As a short introduction I'm going to tell you, what kind of setup I have and what I want to achieve. After that I try to explain my problem. Since this is my first question on U&L I have to apologize for it being possibly strange. It's fairly long so maybe new users of BTRFS or Debian can benefit from my experiences or even use it as somewhat kind of a tutorial.

Basic hardware setup

I've got a mainboard and a CPU out of the Haswell generation with some RAM and two SSD.

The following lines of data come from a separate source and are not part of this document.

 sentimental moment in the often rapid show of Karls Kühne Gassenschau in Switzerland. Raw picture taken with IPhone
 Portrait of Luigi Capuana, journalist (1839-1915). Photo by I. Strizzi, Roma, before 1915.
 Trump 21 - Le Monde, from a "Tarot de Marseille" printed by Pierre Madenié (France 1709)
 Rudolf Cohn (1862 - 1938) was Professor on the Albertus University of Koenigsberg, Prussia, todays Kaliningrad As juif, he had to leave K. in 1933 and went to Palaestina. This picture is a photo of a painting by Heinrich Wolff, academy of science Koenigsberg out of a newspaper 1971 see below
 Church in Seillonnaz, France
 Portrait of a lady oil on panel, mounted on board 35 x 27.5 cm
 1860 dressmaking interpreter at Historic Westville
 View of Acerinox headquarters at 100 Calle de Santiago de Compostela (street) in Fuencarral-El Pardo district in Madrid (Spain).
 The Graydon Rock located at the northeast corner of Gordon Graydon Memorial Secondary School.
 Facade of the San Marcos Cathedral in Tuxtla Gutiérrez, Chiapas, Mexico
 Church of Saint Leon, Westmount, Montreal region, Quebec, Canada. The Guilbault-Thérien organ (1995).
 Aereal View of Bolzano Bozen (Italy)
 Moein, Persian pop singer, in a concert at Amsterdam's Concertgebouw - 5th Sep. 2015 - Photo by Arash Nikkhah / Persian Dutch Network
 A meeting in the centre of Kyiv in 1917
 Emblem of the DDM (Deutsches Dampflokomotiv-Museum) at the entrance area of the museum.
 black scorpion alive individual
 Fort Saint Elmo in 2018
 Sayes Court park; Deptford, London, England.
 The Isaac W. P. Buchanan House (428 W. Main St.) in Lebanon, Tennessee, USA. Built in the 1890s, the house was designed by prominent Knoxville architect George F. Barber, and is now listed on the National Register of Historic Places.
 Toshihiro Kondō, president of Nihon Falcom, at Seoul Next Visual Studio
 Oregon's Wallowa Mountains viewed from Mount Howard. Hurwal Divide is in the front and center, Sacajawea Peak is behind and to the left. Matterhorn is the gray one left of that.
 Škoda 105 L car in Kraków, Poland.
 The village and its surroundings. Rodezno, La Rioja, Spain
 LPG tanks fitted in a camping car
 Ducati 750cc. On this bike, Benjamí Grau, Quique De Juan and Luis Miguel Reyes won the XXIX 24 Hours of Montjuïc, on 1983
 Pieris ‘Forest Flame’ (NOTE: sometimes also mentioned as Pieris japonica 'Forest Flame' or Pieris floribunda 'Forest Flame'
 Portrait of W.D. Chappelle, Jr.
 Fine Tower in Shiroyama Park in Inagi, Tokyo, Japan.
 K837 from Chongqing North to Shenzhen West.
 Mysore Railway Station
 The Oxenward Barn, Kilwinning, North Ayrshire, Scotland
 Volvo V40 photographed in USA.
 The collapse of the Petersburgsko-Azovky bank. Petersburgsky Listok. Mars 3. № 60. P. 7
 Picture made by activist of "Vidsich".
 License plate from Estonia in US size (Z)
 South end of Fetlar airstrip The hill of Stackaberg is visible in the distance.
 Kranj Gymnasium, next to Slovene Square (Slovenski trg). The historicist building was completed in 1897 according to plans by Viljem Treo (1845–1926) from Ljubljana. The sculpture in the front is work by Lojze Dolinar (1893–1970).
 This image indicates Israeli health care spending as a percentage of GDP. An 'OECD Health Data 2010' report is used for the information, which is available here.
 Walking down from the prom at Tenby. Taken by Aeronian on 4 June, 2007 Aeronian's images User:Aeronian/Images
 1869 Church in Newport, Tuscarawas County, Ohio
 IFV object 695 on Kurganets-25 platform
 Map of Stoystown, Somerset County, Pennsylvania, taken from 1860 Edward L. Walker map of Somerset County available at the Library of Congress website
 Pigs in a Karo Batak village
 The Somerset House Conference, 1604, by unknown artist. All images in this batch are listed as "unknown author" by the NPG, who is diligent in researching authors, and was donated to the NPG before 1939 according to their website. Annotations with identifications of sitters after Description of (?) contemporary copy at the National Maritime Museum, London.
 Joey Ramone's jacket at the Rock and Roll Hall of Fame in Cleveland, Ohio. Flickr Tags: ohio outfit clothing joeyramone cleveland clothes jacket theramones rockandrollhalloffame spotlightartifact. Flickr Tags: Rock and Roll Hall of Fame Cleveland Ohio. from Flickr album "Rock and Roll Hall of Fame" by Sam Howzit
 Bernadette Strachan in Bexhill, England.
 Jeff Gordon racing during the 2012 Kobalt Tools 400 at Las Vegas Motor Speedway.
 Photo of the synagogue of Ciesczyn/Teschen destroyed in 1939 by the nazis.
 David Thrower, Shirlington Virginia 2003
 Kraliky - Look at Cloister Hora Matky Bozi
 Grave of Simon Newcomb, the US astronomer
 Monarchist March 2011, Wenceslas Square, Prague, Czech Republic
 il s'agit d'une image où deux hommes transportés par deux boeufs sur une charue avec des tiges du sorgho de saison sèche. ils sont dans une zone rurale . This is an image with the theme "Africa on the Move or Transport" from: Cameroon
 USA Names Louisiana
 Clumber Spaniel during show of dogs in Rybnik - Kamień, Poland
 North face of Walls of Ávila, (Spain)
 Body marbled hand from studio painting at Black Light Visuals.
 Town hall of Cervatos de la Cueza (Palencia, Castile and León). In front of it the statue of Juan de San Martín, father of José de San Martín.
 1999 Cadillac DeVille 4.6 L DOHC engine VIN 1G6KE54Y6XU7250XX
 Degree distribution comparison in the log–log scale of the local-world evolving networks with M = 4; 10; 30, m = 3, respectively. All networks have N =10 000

(Note: To make a proper diagnosis I got nothing more connected together except these parts. If you need further information about these parts please feel free to ask for more details.)


I want to install Debian Jessie onto both SSD with BTRFS in mode RAID 1 mirroring both drives, so that if one fails I can still continue with the other in a degraded mode.

What I achieved yet

Since Jessie is the testing at the moment, I started a clean install with its predecessor Wheezy because I got problems with installation of the testing branch in the past. During the install I partitioned the first drive (say A) manually the following way:

  • only one single partition (containing all future mount points using all available space on the drive),
  • formatting in BTRFS and
  • leaving the swap partition.

The installation succeeded on A as expected and after that I upgraded to Jessie (by editing /etc/apt/sources.list and doing apt-get update && dist-upgrade. I performed a reboot. It showed well having Kernel 3.14-2-amd64 now.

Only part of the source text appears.